When you are pregnant, the thing you hope for is a healthy child. You don’t care if it’s a boy or a girl, just that “the baby is healthy.” So, I do not begrudge Johnson for her feelings about a possible Down syndrome diagnosis. It’s not the baby you envisioned you would be having. You are afraid of medical complications for your child. I get it. Most of us get it, we have been there too. But, that’s where her story ends, a negative test for Down syndrome. They are wiping their brows, “Whew, that was a close call, prayers were answered.”
What they didn’t understand, and many of us don’t understand during a diagnosis discussion, is that Down syndrome is a genetic condition that can have virtually no medical complications or bring with it serious medical complications, and everything in-between. Furthermore, that same thing holds true to any human life. Some of us are destined to be medically healthy and some of us get tragically ill, and everything in-between. Sure, maybe it’s more likely to happen to a child with a genetic difference, but none of us should feel that the absence of a genetic condition makes us or our children impermeable to medical issues. And that’s kind of how this story came across.
Deeper than that, they have no idea the painful impact they have had on this community. Yes, we acknowledge that their feelings about a Down syndrome diagnosis are not unlike what many of us experienced when we found out with our own children: fear, disappointment, anger. But our stories continue after that news. And sharing a story like theirs, in such a powerful way via social media and the TV media, doesn’t do justice to the rest of us.
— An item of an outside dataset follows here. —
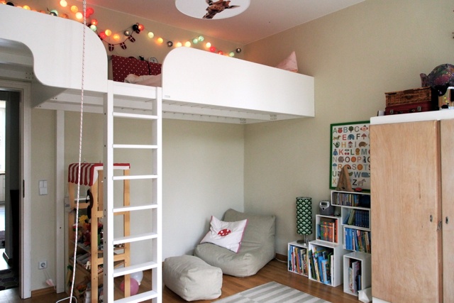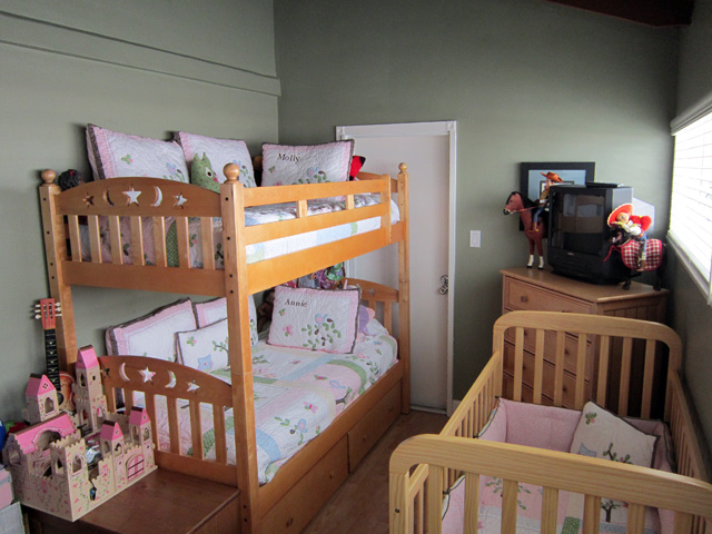 I posted this pic in my intro but I'll add it again here, just so anyone who is nervous about space will know how 3 kids in one small room can work! I'm hoping to figure out how to fit 4. I'm thinking maybe loft over crib. Another friend of mine sent me the attached photo of a cool bunk bed set up. We'd have to get a carpenter to make it happen though. And, it would totally block that back door which I don't want to do.

Our hearts hurt especially for those new mamas who recently received a “positive” Down syndrome diagnosis and saw this story on the news this morning. We know what a punch to the gut that must have been. But fear not, Mama. Welcome to The Lucky Few, you get to experience what most do not and we are thrilled you are here.
The responses to this story on social media were considerable. Many Rockin’ Moms trying to extend grace to this “celebrity” mother-to-be, saying, “I understand her feelings, but she doesn’t get the full experience of this story; she doesn’t know that she will feel horrible for these thoughts one day, because life is so much more than she could have ever imagined” and, “I am heartbroken to hear her feelings about Down syndrome, and that people don’t want a baby like mine, even though I have been there too.” These are the moms in my tribe. These are the women who walk in front of me, alongside of me and behind me. They are forces of goodness and understanding; they are also forces to be reckoned with! They are heartbroken by the way this information was explained, but they are extending grace. They are warriors and I am proud of them.
These moms work really hard to change the conversation about Down syndrome, to show people that life is worthy regardless of chromosomes. We want to share the blessings with others, especially those mothers who are where we once were — receiving a diagnosis. We want to bring about so much awareness that someday the diagnosis conversation will not make a mother cry in fear or pray that it is wrong, she will accept the information just like she accepts the sex of her baby. Nothing about this life is easy, that’s a risk you take choosing to be a parent. But, man! The rewards are exponential! Without the challenges, we would not fully and truly appreciate the awesomeness!
Here is the thing, we all want what is best for our children. Right? Of course. But, “what is best” is a variable in most cases, it fluctuates depending on the person and the circumstances. What we think is best, isn’t always best, sometimes we get it wrong. That’s life. That’s parenting. What we can do for our kids, the one thing that is not variable, that does not fluctuate depending on the person or the circumstance is to love them. Spread that stuff like confetti, people. That is what we can do when “what is best” changes or fails us.